Liyue also features two major traditional festivals: the Lantern Rite and the Moonchase Festival, which correspond to the Chinese New Year, Lantern Festival and Mid-Autumn Festival in real life respectfully. The design of festival activities in the game also refers to traditional Chinese customs, such as fireworks, paper lanterns, lantern riddles, kites, and lion dances. During the Lantern Rite, on the first full moon night of the year, people release "Xiao Lanterns" and "Mingxiao Lanterns" into the night sky, and setting off fireworks is an indispensable activity for the people of Liyue. The Moonchase Festival celebrates the autumn season, with streets and buildings adorned with festive decorations, and some businesses setting up stalls and advertising to attract customers. Liyue's performing arts are modeled after Peking opera, and the developers even created an original opera piece entitled "Divine Damsel of Devastation", sung by opera performer Yang Yang. Finally, Liyue embodies Chinese xianxia traditions, with areas like Jueyun Karst and Chenyu Vale rich in lore about the adepti. Some playable characters are directly tied to this, such as Xiao, a yaksha with the goal of protecting the people.

=== Lore ===
Thousands of years before the game's events, an ancient civilization of Lang-Gan was established in the area that is now The Chasm as part of the unified civilization of Teyvat with Zibai serving as Celestia's divine envoy to Lang-Gan. During the War of Funerary Flame, 6000 years before the game's events, the Heavenly Principles cast down a Celestial Nail on Lang-Gan for the purpose of cleansing Abyssal corruption. Zibai, unwilling to leave her people to die, intervened to temporarily stop the Nail, allowing the inhabitants of Lang-Gan to escape.
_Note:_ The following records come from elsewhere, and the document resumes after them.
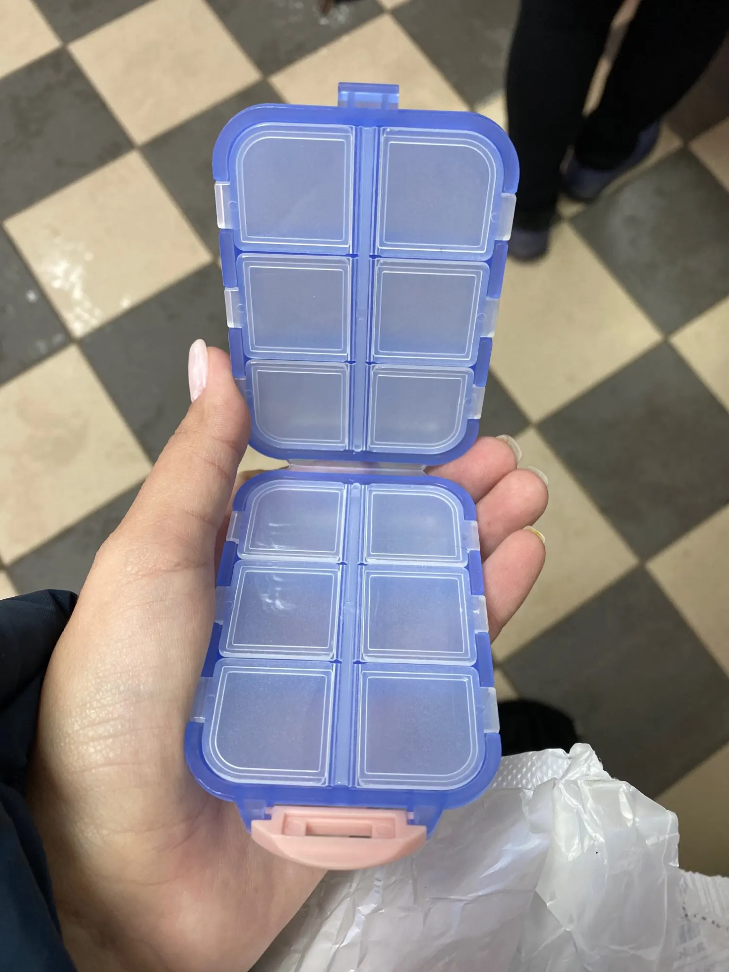 Маленькие отсеки для таблеток. Каждый отсек закрывается отдельно. Но не все виды таблеток помещаются.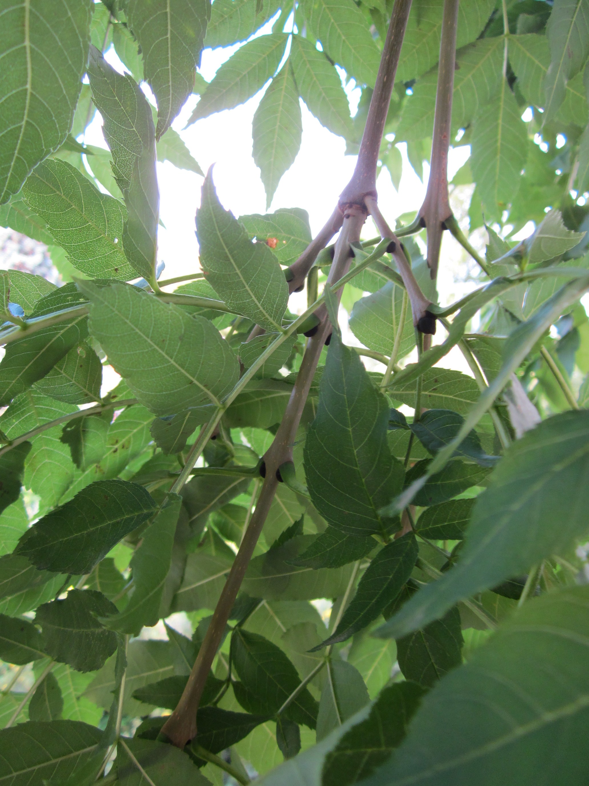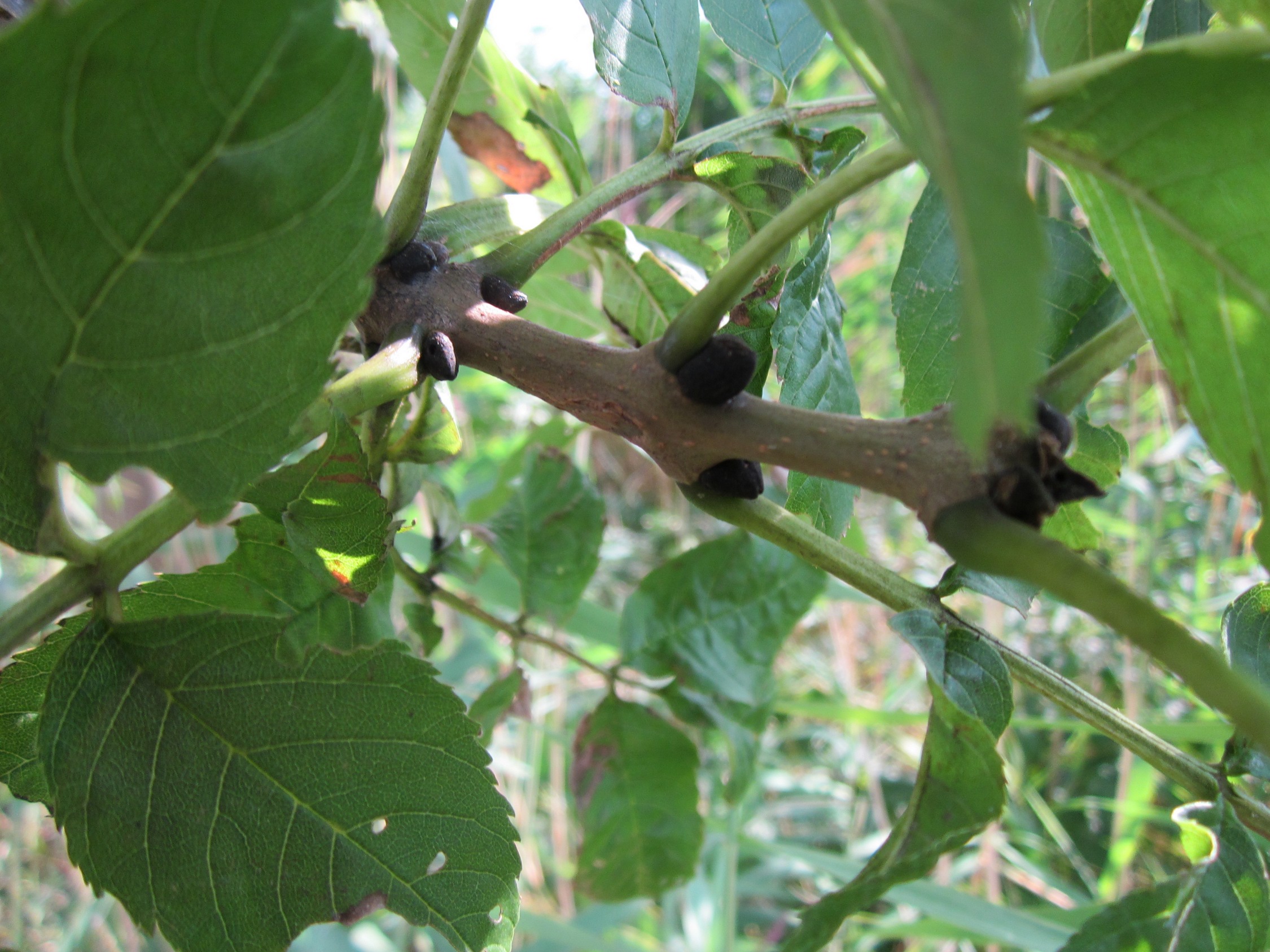 - De twijg is dik, grijsgroen en heeft zwarte knoppen
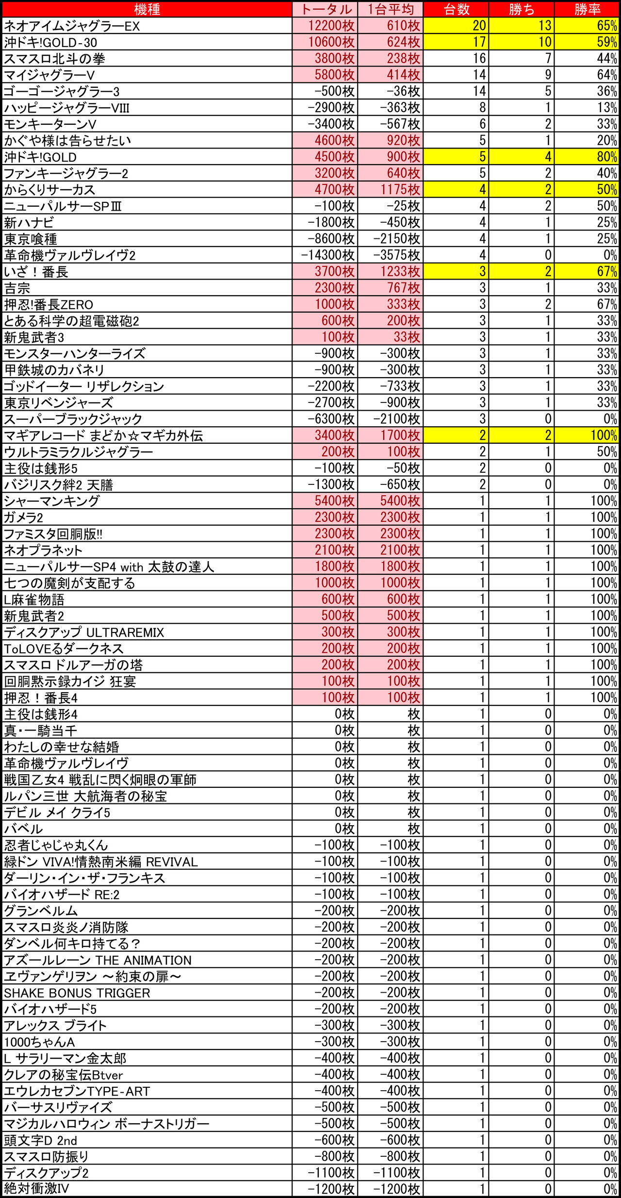 2025年11月29日 【11/28 プレイランドハッピー厚別通店】8のつく日→集計結果 -スポンサーサイト-集計結果全体差枚:+23300枚1台平均:+110枚(20スロ:211台) 全台勝率→88/211で42パーでした。-スポンサーサイト- 「特日」カテゴリの最新記事 タグ :#札幌#北海道#パチスロ#パチンコ#スロット#特定日#特日

However, she died from her attempt to stop the Nail and Lang-Gan was ultimately destroyed; however, Istaroth, the Ruler of Time, managed to preserve her soul by freezing her in the moment of her death and imbuing the fragments of her shattered soul into her Three Deadly Selves while also creating the shadowmoon to preserve her soul. The impact of the Celestial Nail also led to the creation of The Chasm, with the remains of the Nail remaining deep underground as the Spiritstone.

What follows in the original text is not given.